BD : Femme sauvage

Le dessin de Tom Tirabosco nous séduit depuis la parution de son Colporteur (chez Delcourt, en 1999). C’est donc un plaisir sans cesse renouvelé d’entamer une de ses nouvelles publications, même si toutes ne nous ont pas convaincues sur le plan scénaristique. Je vous invite à lire nos chroniques à propos de Sous-sols et Kongo, même si, à titre personnel, je vous recommanderais surtout le thriller fantastique L’Oeil de la forêt (en solo, chez Casterman) et La fin du monde, dont l’histoire, signée Wazem, traitait de la mort et du deuil de façon très onirique.

Femme sauvage poursuit la bibliographie de Tirabosco aux éditions Futuropolis sur un thème grave, qui inquiète beaucoup d’entre nous : l’imminence d’une possible collapsologie. Dès les premières pages, nous voilà téléportés dans notre monde qui aurait sombré dans le chaos, déchiré entre les dérèglements climatiques exponentiels et les soubressauts violemment répressifs d’un régime ultralibéral et ultrasécuritaire. 

Dans les USA en proie à la guerre civile, une jeune femme s’enfonce dans les grands espaces naturels en direction du Nord, où se serait rassemblée une Résistance organisée. En suivant son périple, des flashbacks et une " voix off" nous apprendront par bribes un peu plus sur l’héroïne, ses réflexions existentielles et ses blessures. Ce récit réussit l’équilibre entre le réalisme survivaliste et un peu de fantastique, venant métaphoriquement appuyer un retour à la vie sauvage (je n'en dirai pas plus). Sujet oblige, on sent le dessinateur s’émanciper encore davantage de son trait “jeunesse”.

Le suspense et l’émotion sont là, la philosophie de Thoreau est palpable, les pages visuellement sublimes se succèdent jusqu’à la fin…  et pourtant… nous aurions - pour une fois - préféré fermer un livre avec la mention “à suivre…” (à la page 202 exactement) et attendre son développement plus original au tome suivant. Les seuls défauts de Femme sauvage sont son dénouement, qui a des airs de déjà-vu, et le fait de ne pas être paru il y a 20 ans d’ici. En effet, depuis lors il y a eu La Route de Cormac McCarthy (et son adaptation cinématographique) ou encore les BD Coup de Sang d’Enki Bilal (Animal'z, Julia et Roem, La couleur de l'air), Le Reste du Monde de Jean-Christophe Chauzy, The End de Zep... pour ne citer que quelques exemples.
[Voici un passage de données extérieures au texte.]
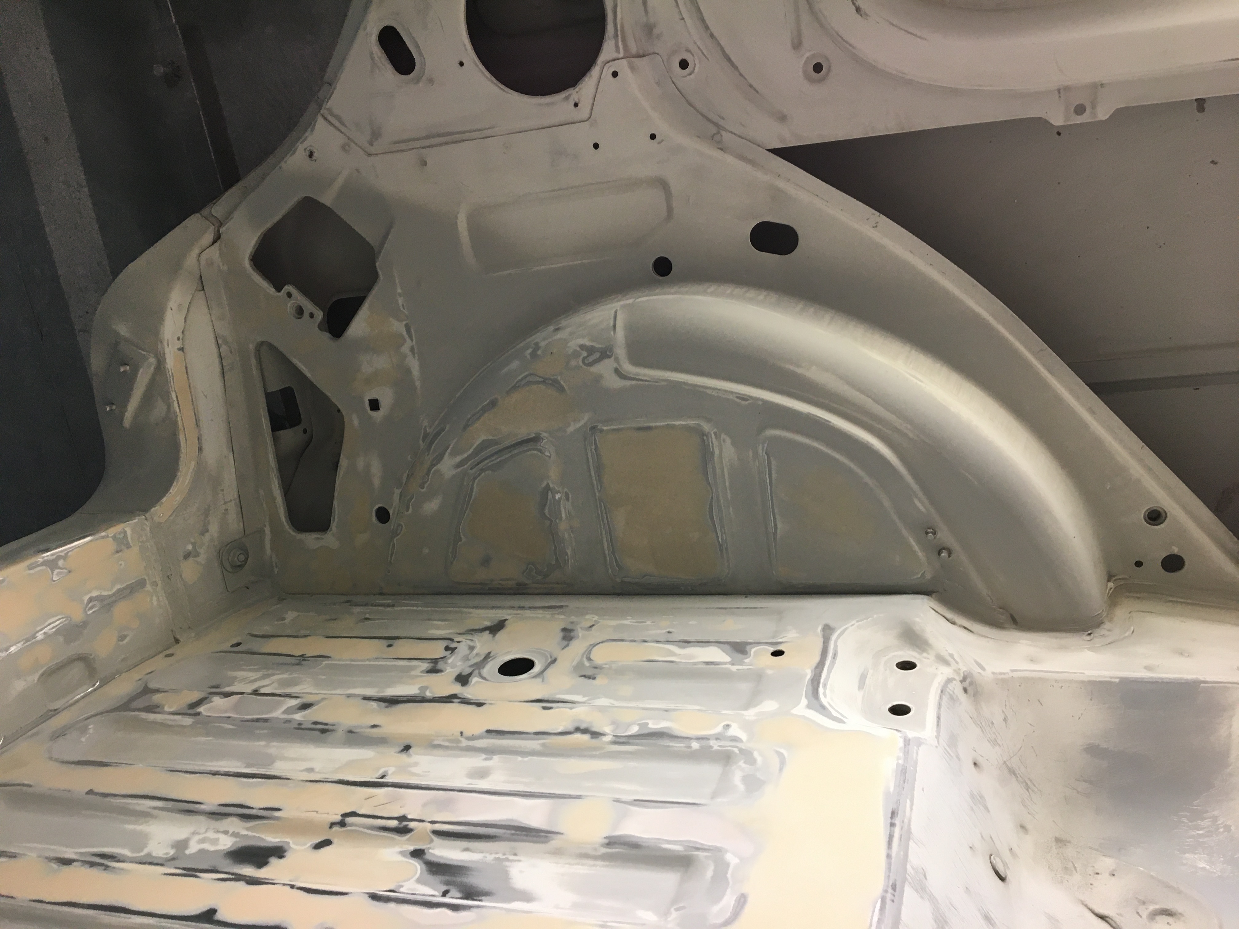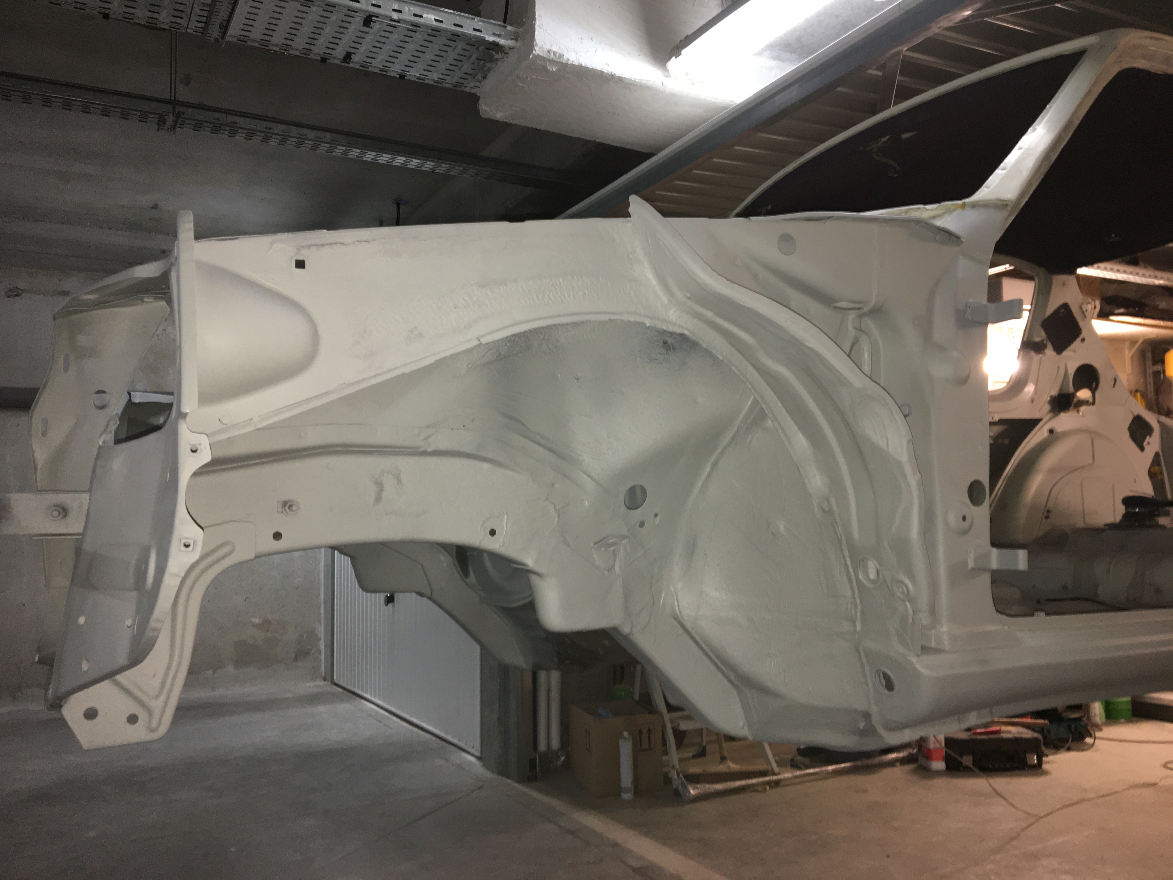 Ensuite apprêt sur tout le dessous de caisse et les passages de roues.
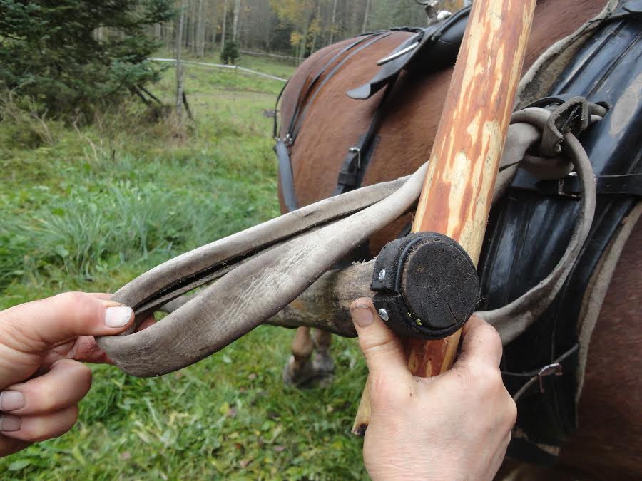 Pidetään oikealla kädellä luokki ja aisan pää yhdessä. Vasemmalla kädellä otetaan rahkeen lenkistä kiinni ja tuodaan rahje luokin takaa aisan yli.
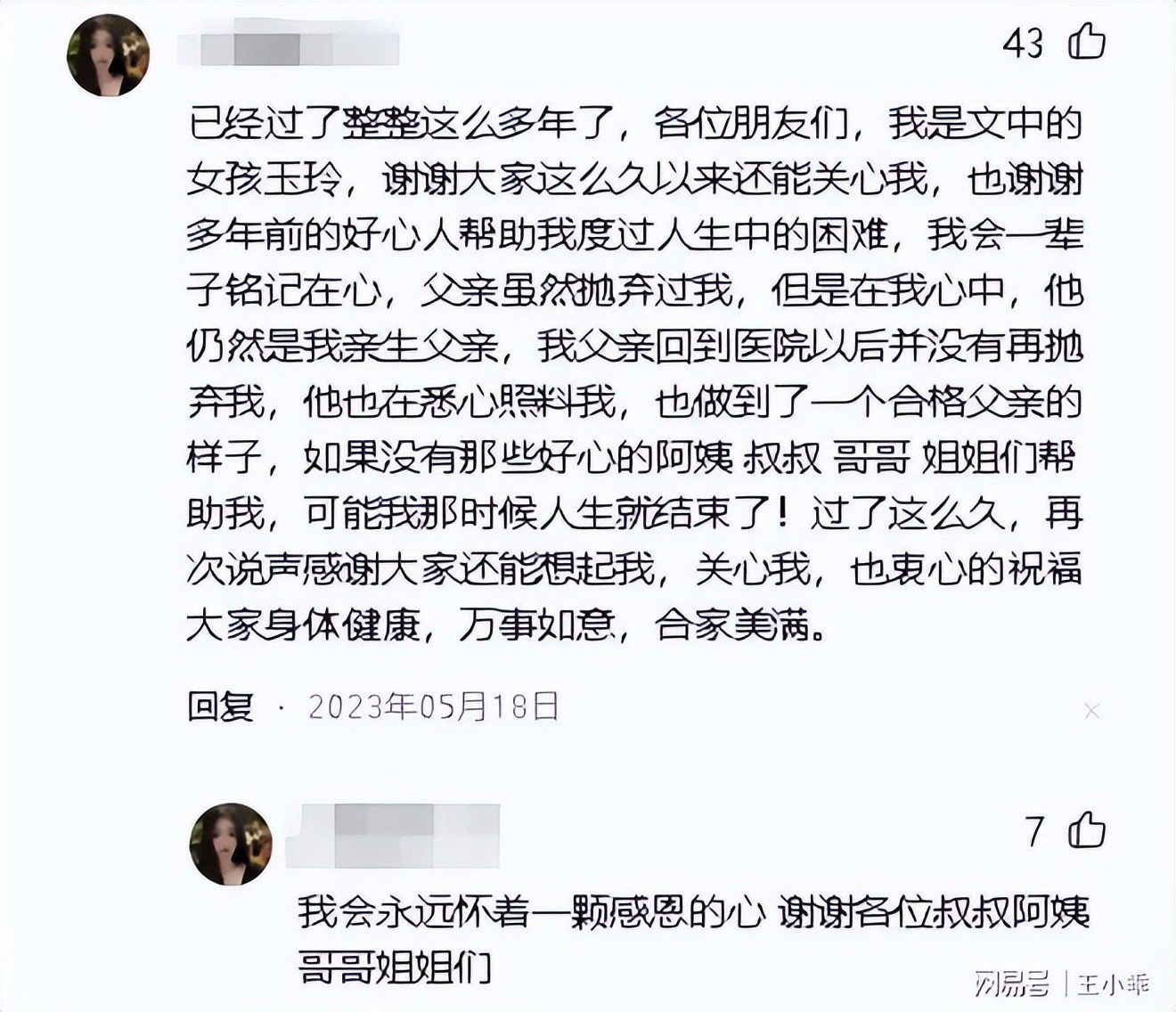 但不知道为何,玉玲的事情被发布在了网上,一时间引起了众多网友的关注,甚至大家还纷纷为玉玲捐款。这其中就有一位不知道姓名的企业家,他直接为玉玲捐了5万元,彻底缓解了玉玲治病的麻烦。

Mais qui sait ? Peut-être que Tom Tirabosco nous prépare un autre album ? Peut-être s’intitulera-t-il Homme sauvage ? Peut-être qu’il rendrait le diptyque incontournable ? La fin ouverte ne l’exclut pas. (Et oui, c’est une perche un peu culottée de lecteurs que nous nous permettons de tendre à l’auteur.)